Bariatric surgeons are aware that the procedure can create nutritional deficits — the stomach and bowel both play a role in the absorption of the vitamins, minerals and micronutrients the body needs to stay healthy. They put their bypass patients on extra vitamins before the surgery and instruct them in the necessity of taking the supplements for the rest of their lives.
Those who ignore doctors' orders, Poscine said, are likely to make up the majority of the population suffering neurological damage. “But a lot were compliant” among the cases she looked at. “One [prescription] doesn't fit all.” Age, drug interactions, variations in nutritional needs may account for why compliant patients suffer problems nevertheless.
“We are not saying patients should not get the surgery,” Poscine said, but that they need individualized supplementation and careful, lifetime follow-up. Harik estimated the percentage of bariatric patients who get into trouble as less than five percent of the population.
Among the patients studied by Poscine, problems cropped up as soon as 4 weeks post-op to as late as 18 years. The most immediate problems — poor memory, hallucinations, incontinence, pain and increasing weakness — can be tracked to (among other things) a vitamin B1 (thiamin) deficiency. Thiamin deficiency causes beriberi (tingling in the limbs, heart problems) and brain abnormalities, like those suffered by alcoholics. B1 can be hard to keep down in large quantities; patients are putting a large capsule into a stomach smaller than a golf ball. If not treated quickly, some of the early problems may become life-long, Poscine said. (Vitamin B1 can make psychotic episodes disappear in a couple of months, she noted. Other problems may take longer to clear up.)
Many years post-op, patients may begin to experience problems with balance, lower body spasticity and incontinence, Poscine said. Vitamin B12 Spinal cord problems were prominent in 12 cases that made up the UAMS study; only three cases could be found in the medical literature. The problem: The surgery was too far out for doctors to make the connection.
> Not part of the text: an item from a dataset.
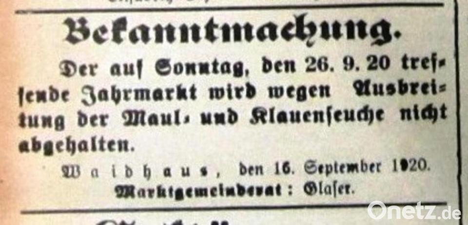 Der Waidhauser Frühlingsmarkt fällt in diesem Jahr aus, aber nicht wegen des allgemeinen Festverbots. Der Marktrat verständigte sich bereits vor der Coronakrise aufgrund mehrerer Terminüberschneidungen für diesen Schritt. Anders erging es dem Emmeramsmarkt vor 100 Jahren, den die Kommune zur Eindämmung der Seuche nicht abhalten durfte. Ein Inserat vom 16. September 1920 zeugt davon.
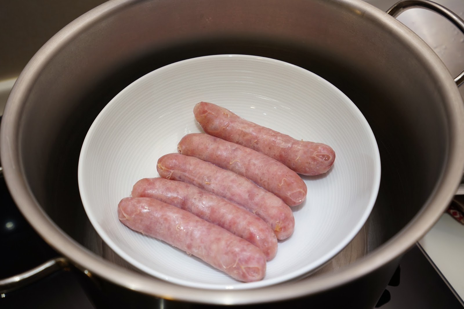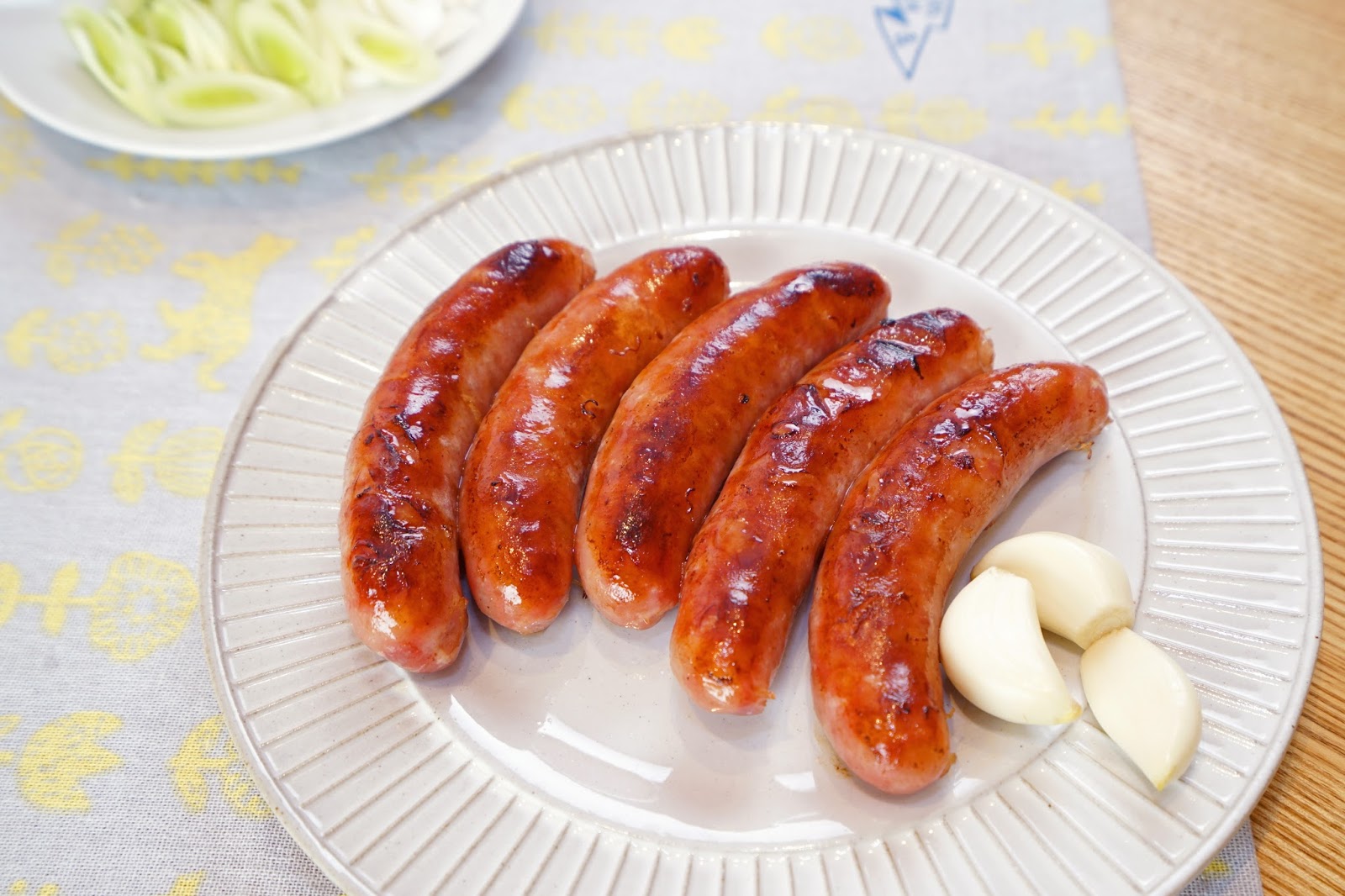 將飽滿的桐德黑豚肉香腸先蒸後煎,是最方便快速的做法!

It wasn't until 2001 that doctors learned a copper deficiency could cause neuropathy. Persons deficient in B12 — which is absorbed only after it's connected in the stomach to a protein — can bring about pernicious anemia, causing weakness and fatigue. Patients who don't suffer from anemia may still suffer nerve damage from a lack of B12. Advanced B12 deficiency can cause dementia. As people age, their ability to absorb B12 declines. This has implications for gastric bypass patients, some of whom are now entering their 60s. Another age-related problem: Parkinson's is harder to treat in gastric-bypass patients because of malabsorption.
A deficiency in iron, as everyone knows, can cause anemia. Then, there are the 15 or so micronutrients, which are not well understood. You're not going to find them “in Centrum Silver,” Poscine said.
Still, bariatric surgery is growing exponentially, Poscine said, and doctors need to be vigilant to make sure their patients with intentionally compromised digestion get immediate treatment of neurological problems. She is particularly concerned that bariatric surgeons take to heart the results of the study, since, she said, few follow their patients over a long period — and many don't believe the study's premise anyway.